Jose
Jose 10 min read Data scientist from Alcalá la Real. Studied at BarcelonaTech, worked as a researcher at the UGR and UPC, was a machine learning engineer at El Ranchito and Nemeda and now work in Koh Young Research Spain. Always wanting to explain my knowledge to the world.

Stable Diffusion Tutorial (Deprecated)

Three days ago Stable Diffusion was publicly released and today I am bringing to you an easy way of using the model without the need of having any kind of extra hardware, just your laptop and wifi connection. At the end I will also leave a script in case you do have some extra hardware and want to put that RTX 3080 to good use.

In case any of you didn’t know what Stable Diffusion is, it is similar to DALLE·2. It is a diffusion model able to create images from text. For example, for the prompt “Amazing, complex, intricate and highly detailed treehouse in a snow covered bonsai tree on top of a table, steampunk, vibrant colors, vibrant, beautiful, contrast, neon highlights, Highly detailed, ray tracing, digital painting, artstation, concept art, smooth, sharp focus, illustration, art by Beeple, Mike Winklemann, 8k” you get this amazing result.

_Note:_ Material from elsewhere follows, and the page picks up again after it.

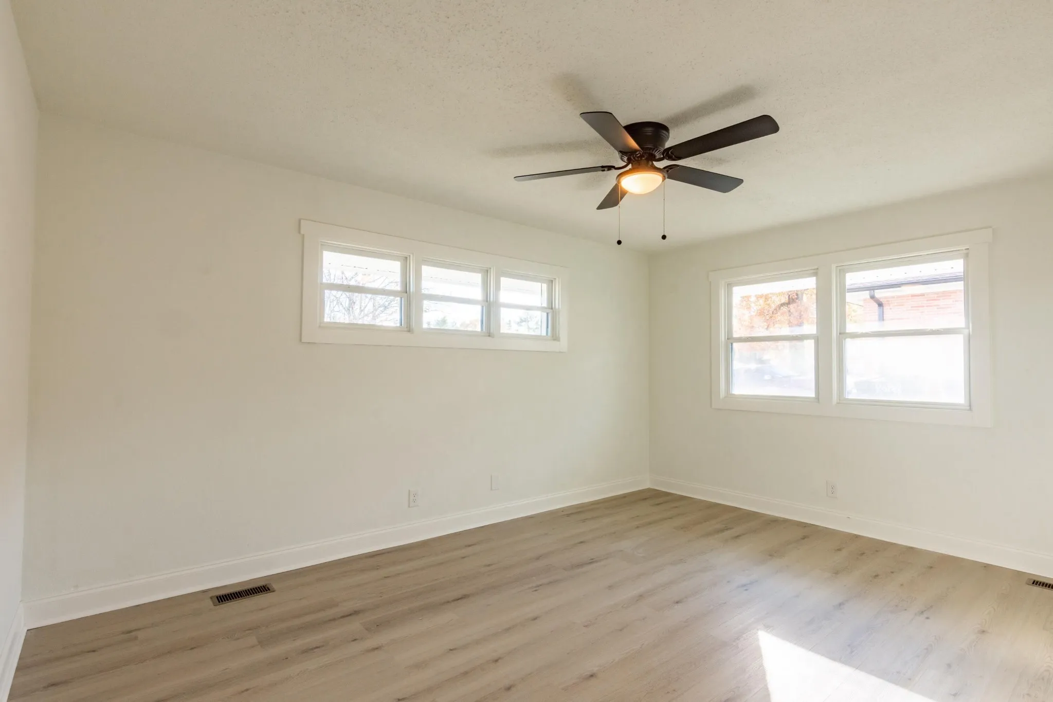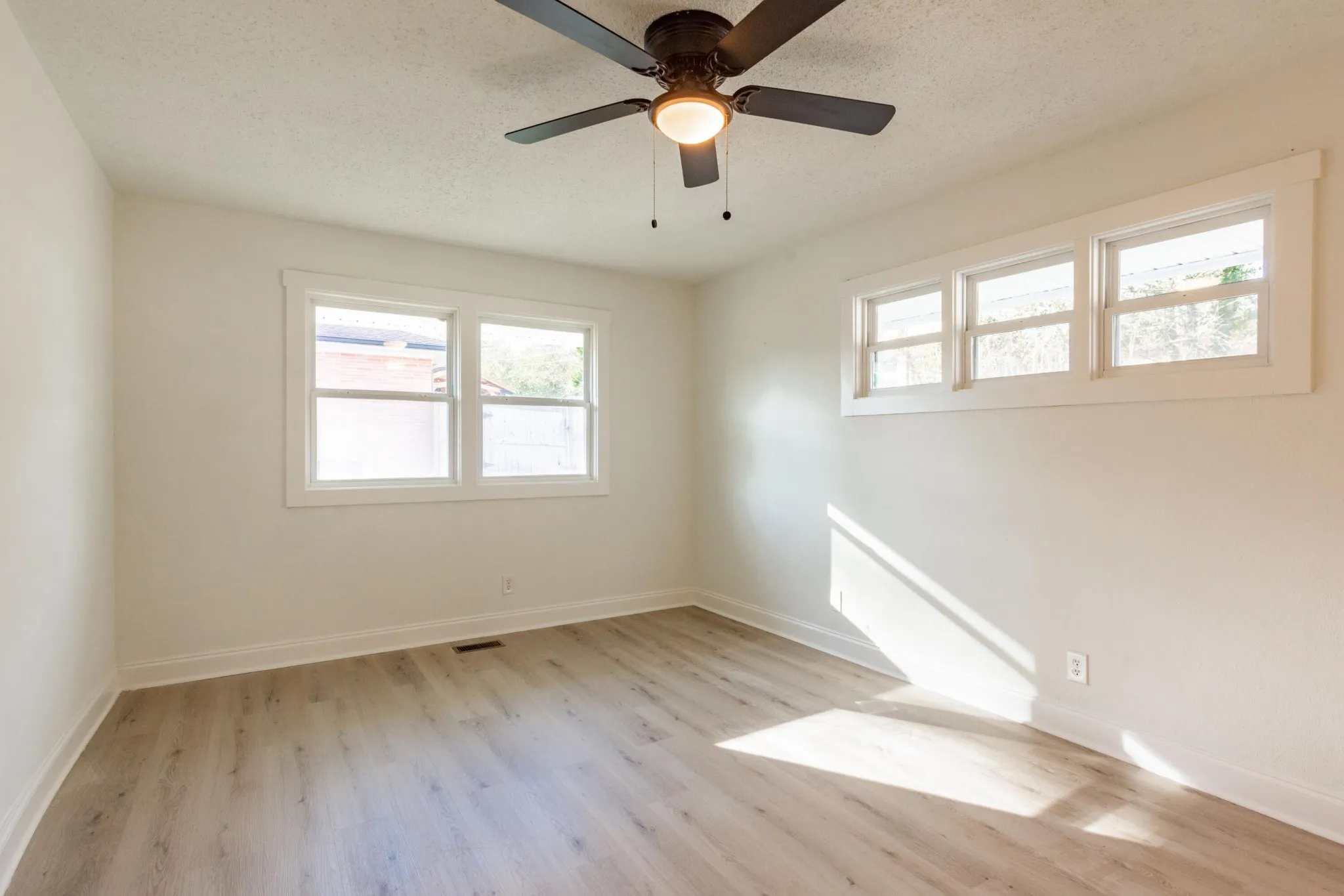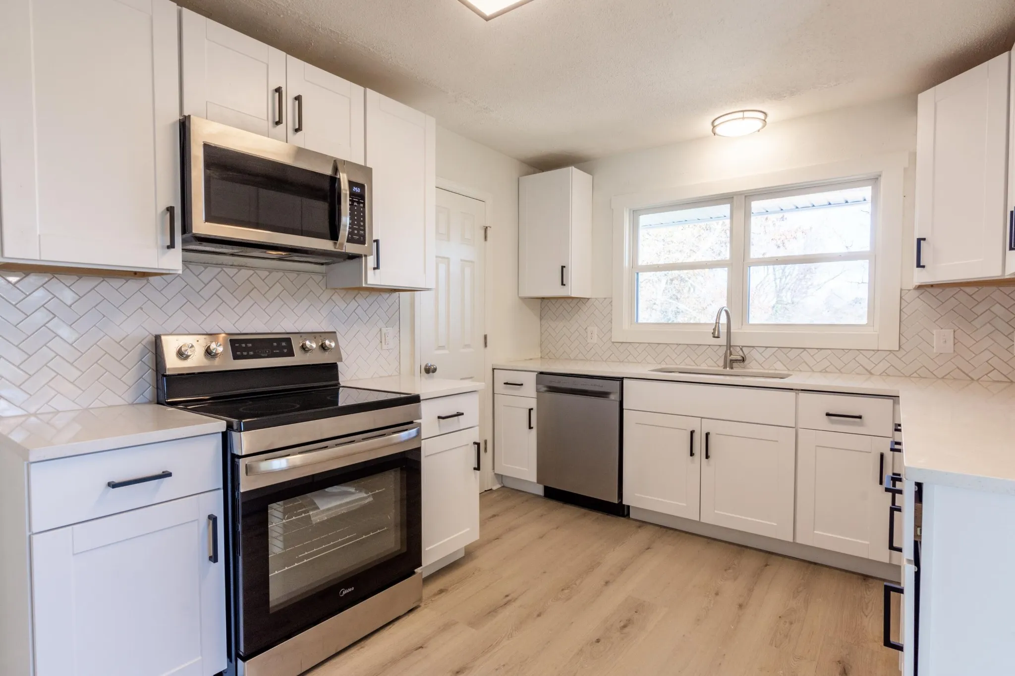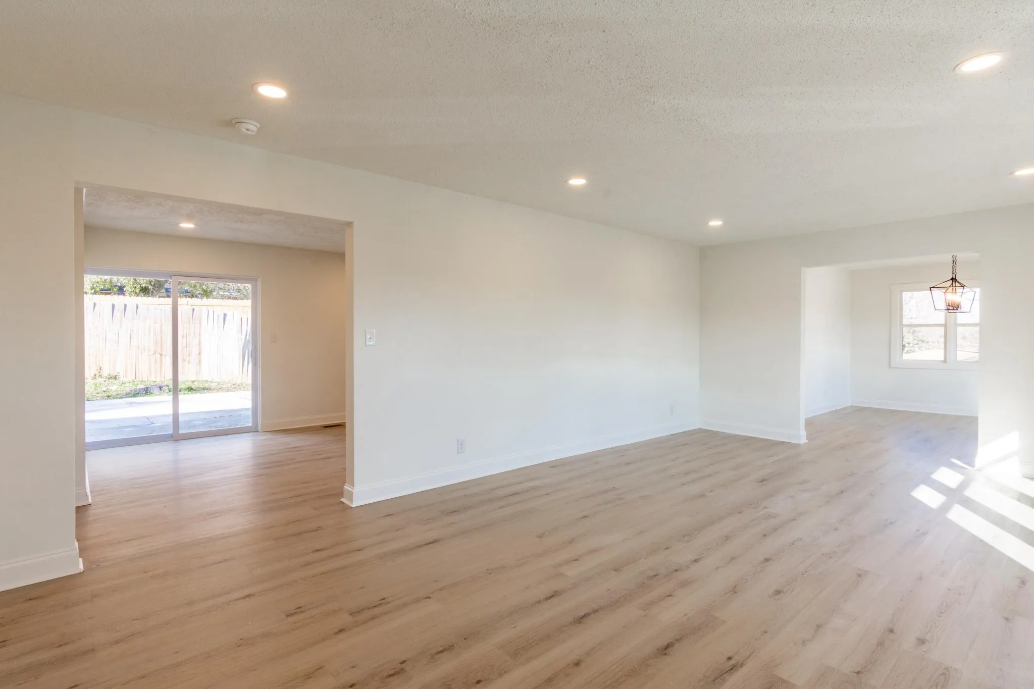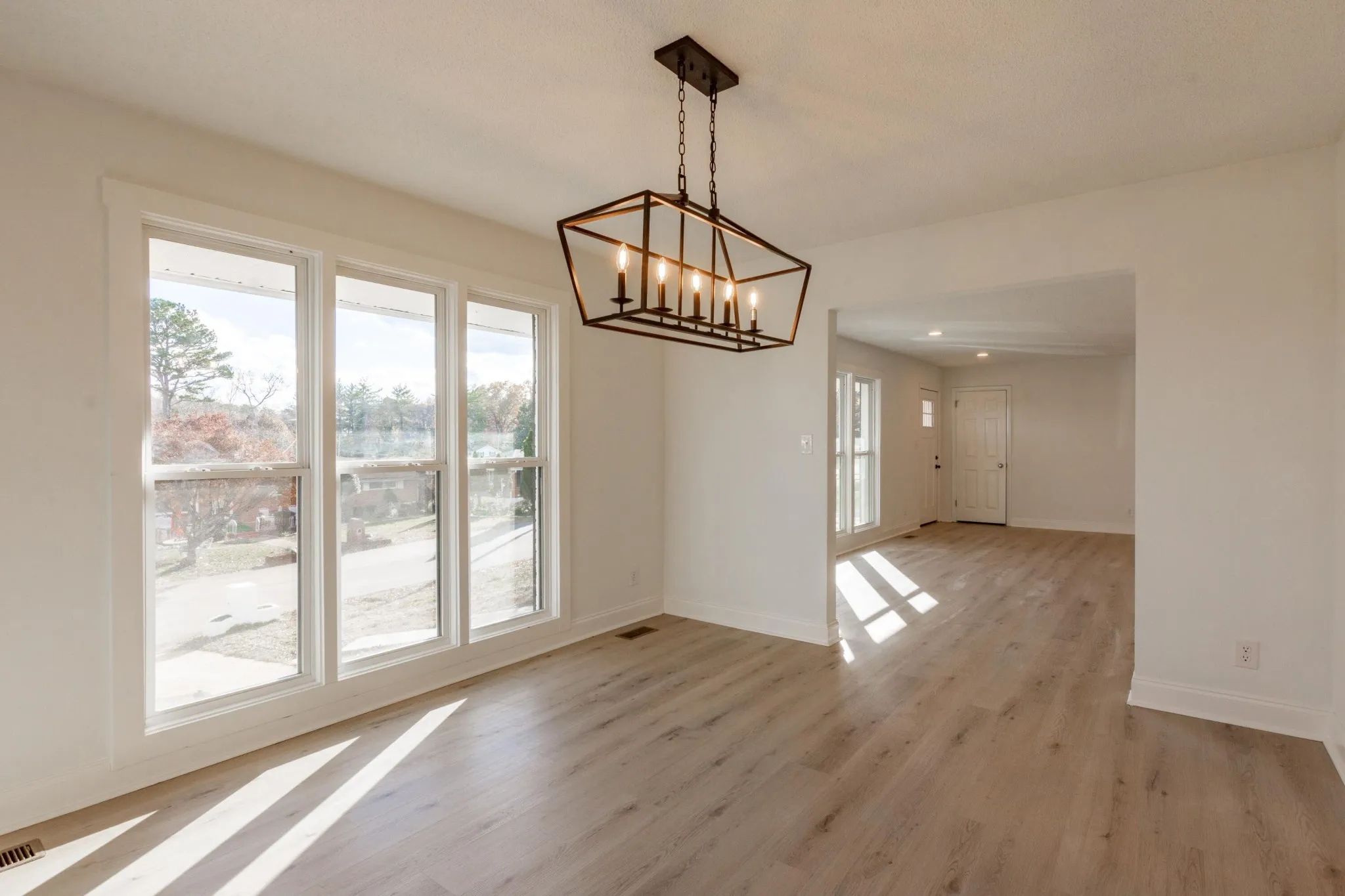 Fully renovated 3 bedroom, 2 bathroom home, boasting 2,214 square feet of modern living space. The inviting painted brick exterior sets the tone for the updates inside, including brand-new LVP flooring, fresh paint, stylish fixtures, and a light, neutral color palette throughout. The open floor plan flows seamlessly from the spacious front living room, featuring triple windows for abundant natural light, to the adjoining formal dining room with a chic chandelier and triple windows on two walls. The kitchen showcases bright white cabinets, quartz countertops, stainless steel appliances, and a herringbone subway tile backsplash. Its long layout offers space for an eat-in table or a cozy den with built-in bookshelves and sliding doors to the back patio. Relax and entertain in the two living rooms or the expansive den, offering flexible spaces for family and friends. The well-sized bedrooms are filled with natural light, while the updated bathrooms are crisp and clean with sleek white finishes and subway tile details.

Example images from stable diffusion

If you want to be able to produce this astonishing images with just a few words and 20 seconds of computation continue reading. In the internet you may find many tutorials for using this model on Colab. However, the Colab notebooks sometimes don’t give you access to GPU resources and so you may take several minutes to generate one single image. To avoid that we are goint to run Stable Diffusion in Kaggle, their servers provide you with 30 weekly hours of GPU computation, which roughly translates to 5000 generated images, more than neccessary to satisfy your needs.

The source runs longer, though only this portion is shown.